Lucene allows the user to customize its scoring formula by extending org.apache.lucene.search.Similarity. The abstract methods defined in this class match the factors of the following formula calculating the score of query q for document d:

score(q,d) = coord(q,d) · queryNorm(q) · ∑ _{t in q} ( tf(t in d) · idf(t) ² · t.getBoost() · norm(t,d) )

Factor	Description
tf(t ind)	Term frequency factor for the term (t) in the document (d).
idf(t)	Inverse document frequency of the term.
coord(q,d)	Score factor based on how many of the query terms are found in the specified document.
queryNorm(q)	Normalizing factor used to make scores between queries comparable.
t.getBoost()	Field boost.
norm(t,d)	Encapsulates a few (indexing time) boost and length factors.

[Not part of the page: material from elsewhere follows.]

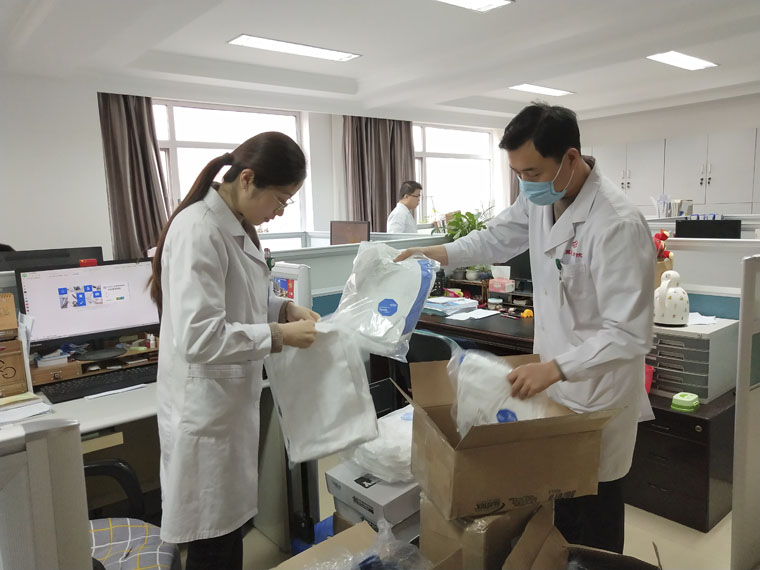 2020年初,中国遭受新冠肺炎疫情的冲击。看到祖国有难,魏女士和母亲非常担心、挂念,远在加拿大的她们迅速联系了高玉环教授。得知我院防护物资紧缺,医护人员依然不顾危险奋战在抗疫及医疗工作一线时,魏女士说:“我一定要为祖国出一份力。”她在加拿大快速找到合适的货源,打通物流通关渠道,选择高效的物流方案。为确保物资第一时间发运,她亲自检查清点。由于物资数量太多,最终分装为25个包裹,为快速完成装卸,她充当了装卸工的角色,并自付国际物流运费1万多元。这些饱含爱国深情的医用防护物资历经半个多月的跨国辗转,终于顺利到达我院。

It is beyond the scope of this manual to explain this formula in more detail. Please refer to Similarity's Javadocs for more information.

Hibernate Search provides three ways to modify Lucene's similarity calculation.

First you can set the default similarity by specifying the fully specified classname of your Similarity implementation using the property hibernate.search.similarity. The default value is org.apache.lucene.search.DefaultSimilarity.

You can also override the similarity used for a specific index by setting the similarity property

hibernate.search.default.similarity = my.custom.Similarity

Finally you can override the default similarity on class level using the @Similarity annotation.

@Entity
@Indexed
@Similarity(impl = DummySimilarity.class)
public class Book {
...
}

As an example, let's assume it is not important how often a term appears in a document. Documents with a single occurrence of the term should be scored the same as documents with multiple occurrences. In this case your custom implementation of the method tf(float freq) should return 1.0.

Warning

When two entities share the same index they must declare the same Similarity implementation. Classes in the same class hierarchy always share the index, so it's not allowed to override the Similarity implementation in a subtype.

Likewise, it does not make sense to define the similarity via the index setting and the class-level setting as they would conflict. Such a configuration will be rejected.